District Attorney Corbett spoke for the first time. “If it is admissible,” he squeaked.

“Pooh,” Hicks admonished him. “Found as it was right there in a cabinet? That was the biggest blunder you made, Brager. I admit it presented a problem, since Miss Gladd was here with you until the police came, and that plastic is indestructible, but it does seem you might have done better than merely stick it in among other records in the cabinet. I suppose you figured that no one would have brains enough to look for it, and of course you would have had a chance later to remove it if Beck hadn’t kept men here. It took them only an hour to dig it up after I tipped Corbett off. If I were you I wouldn’t build any hope on Corbett’s misgiving about its being admissible as evidence. Take my word for it, that shot will be heard by a judge and jury. And still you’re not scared?”

“That shot,” Brager said contemptuously. “That record of a shot was made for experiment many weeks ago. I will say that one thing. Beyond that I say nothing.”

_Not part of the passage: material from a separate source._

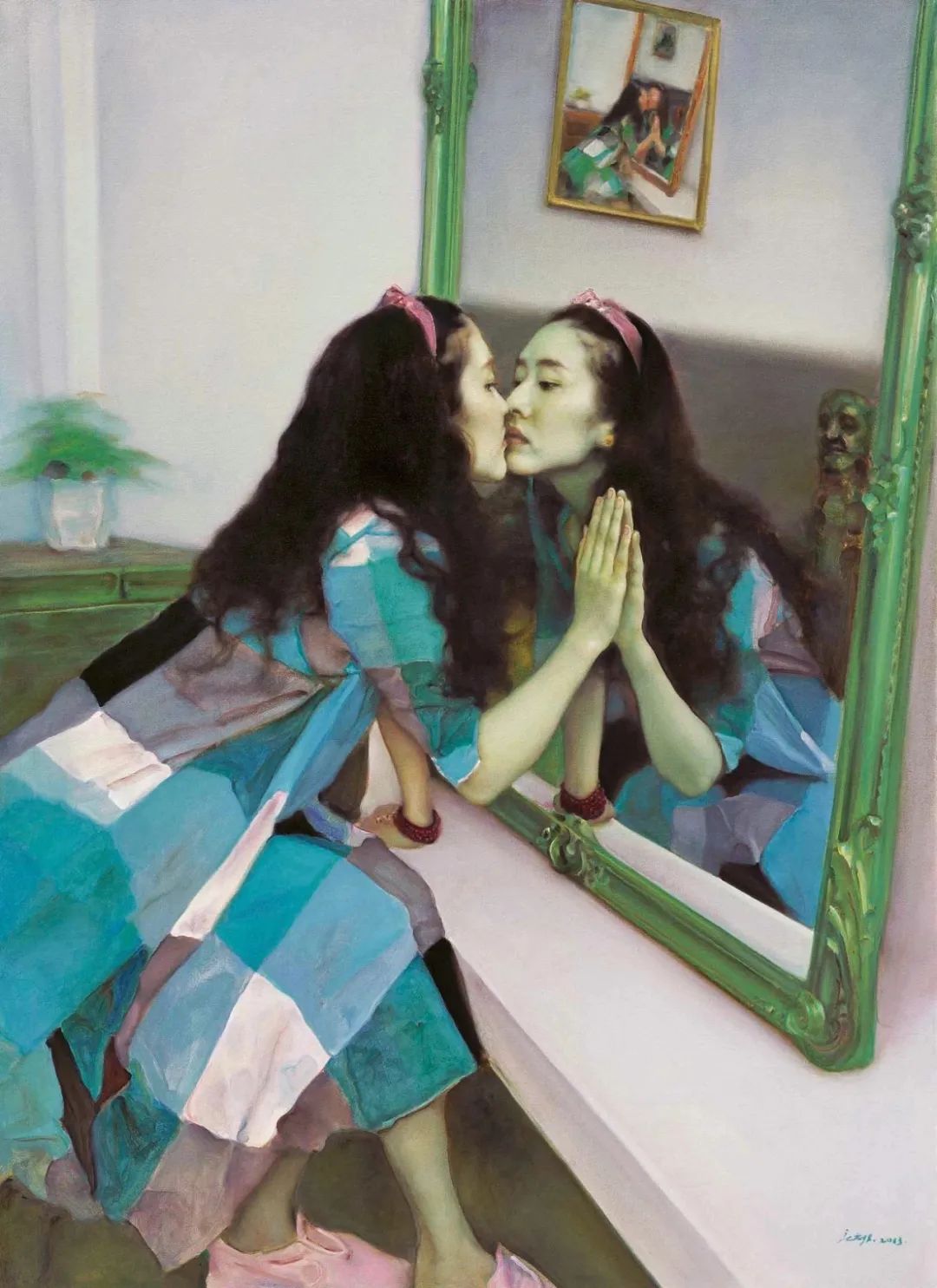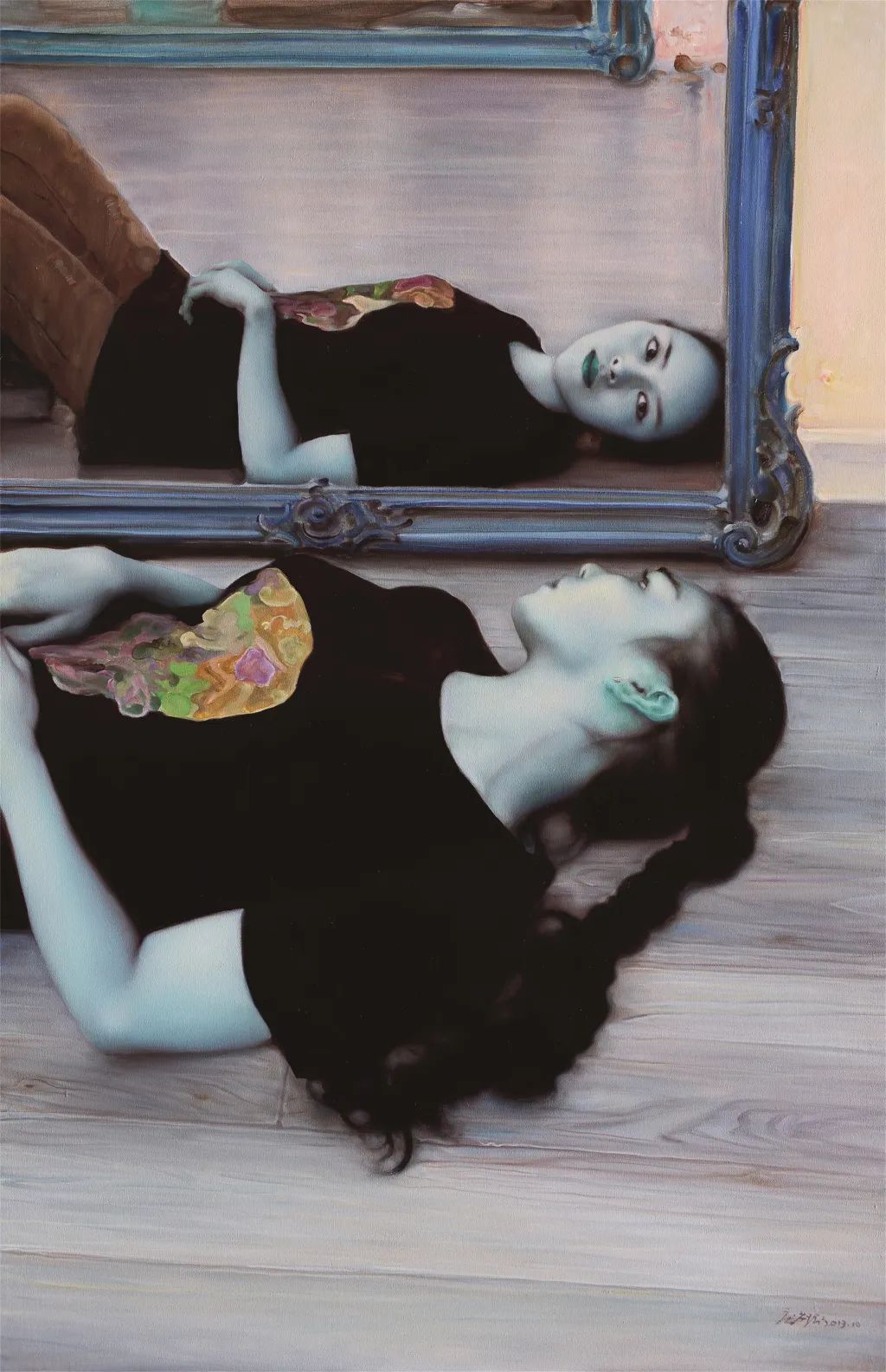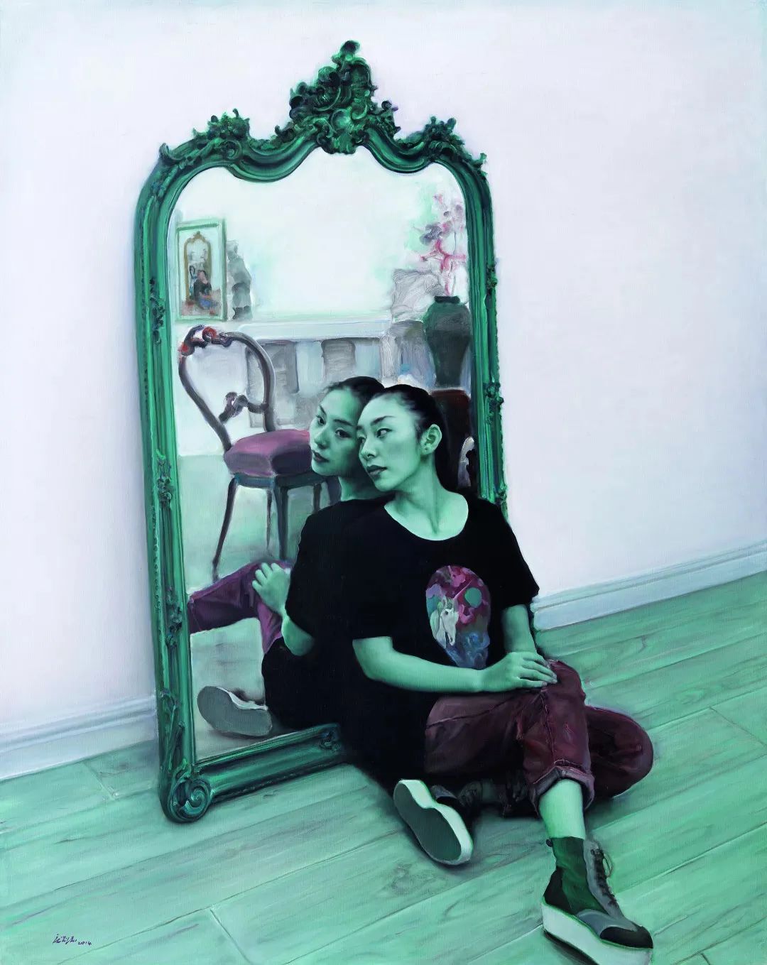 庞茂琨的“镜像系列”则进一步深入主体性的探讨。庞茂琨在这一阶段大量运用镜子、玻璃、屏幕等反射介质,通过复杂的空间嵌套,挑战观者的视觉习惯与认知边界。镜像系列深刻揭示了数字化时代的认知危机。当纳西索斯的神话演变为自拍文化,当真实自我被虚拟镜像肢解,庞茂琨用油画语言追问:在技术增殖的镜像迷宫中,人类究竟能否触摸到真实的存在?

“I’m surprised you say that much,” Hicks declared. “I expected you to go dumb on me. One other thing, your phoning that message to Miss Gladd that sent her to where Vail was waiting. I’ll bet you thought that was slick as grease. You thought it would drag Vail out into the light, and then he would have to stand by you no matter how many murders you committed. But you were wrong. There’s one risk Vail won’t take. At least I don’t think he will.”

Hicks’s eyes darted, stabbed at Vail. “How about it? Where do you go from here?”

Vail sat motionless, frozen. It did not appear that he was aware that Hicks was looking at him or had spoken to him, for his own eyes, narrowed to nothing by the drooping fleshy folds of his lids, were directed only at space.

“It’s a question,” Hicks went on to him, “of throwing out the baby to appease the wolves. If Corbett can convict Brager of murder without your help, he can convict you as an accessory. Knowing Corbett, I can assure you he will do just that, if you hold out on him. That’s the risk if you play it pat. If you come clean and help Corbett, Brager is a pushover. His conviction is a cinch, and you’re out as far as murder is concerned, but you’ll have to settle with Dundee about the formulas, and you may have to find a new place to eat lunch. It’s six of one and about three dozen of the other. And you choose now. If you talk now and sign a statement, you go home. If you don’t, you go along with Brager. That is official. Is that official, Corbett?”